Changes in soil carbon sequestration, fractionation and soil fertility in response to sugarcane residue retention are site-specific

Abstract

Sugarcane crop residues contain substantial quantities of C and plant nutrients, but there have been relatively few studies of how sugarcane residues enrich the soil and contribute to C sequestration, and most studies have been undertaken at only one or a few sites. The purpose of this study was to address these knowledge gaps by determining the magnitude and time scale of changes in soil concentrations of total C, C fractions and plant nutrients following retention of sugarcane residues. C fractions were determined by two different methods.

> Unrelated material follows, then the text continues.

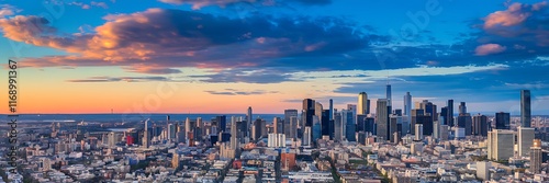 Obraz premium Panoramic Skyline of a Vibrant Modern City at Sunrise

We sampled soils from five experiments, in contrasting environments, where sugarcane residues had been either retained or removed for between 1 and 17 years. Changes in the concentration of both soil C and plant nutrients were highly site-specific and not in proportion to the period that residues were retained: for example, soil C (0–250mm) decreased by 0.9gkg−1 and 0.5gkg−1 at sites where residues had been retained for 1 and 17 years, respectively, but increased by 2.0gkg−1 at a site with residues retained for 6 years. Soil C composition, defined by the KMnO4 oxidation and particulate organic C-ultraviolet photo-oxidation fractionation (POC-UV) schemes, appeared to be a more sensitive indicator of changes in residue management, indicating that increases in readily-oxidisable C and particulate organic C, respectively, after 1 year of retaining instead of burning residues. The two methods provided different information that was complementary in understanding changes in soil C. The KMnO4 method identified downward movement of C fractions in the profile to 250mm, while the labile fractions measured by the POC-UV scheme appeared to be more sensitive to early changes in residue management (after 1 year). While recent studies have found that several concentrations of KMnO4 reduced all C fractions by a similar magnitude and thus concentrated on the fraction oxidised by the 333mM concentration of KMnO4, we found that use of both this and the 33mM concentration enabled a greater understanding of changes in C pools due to residue management.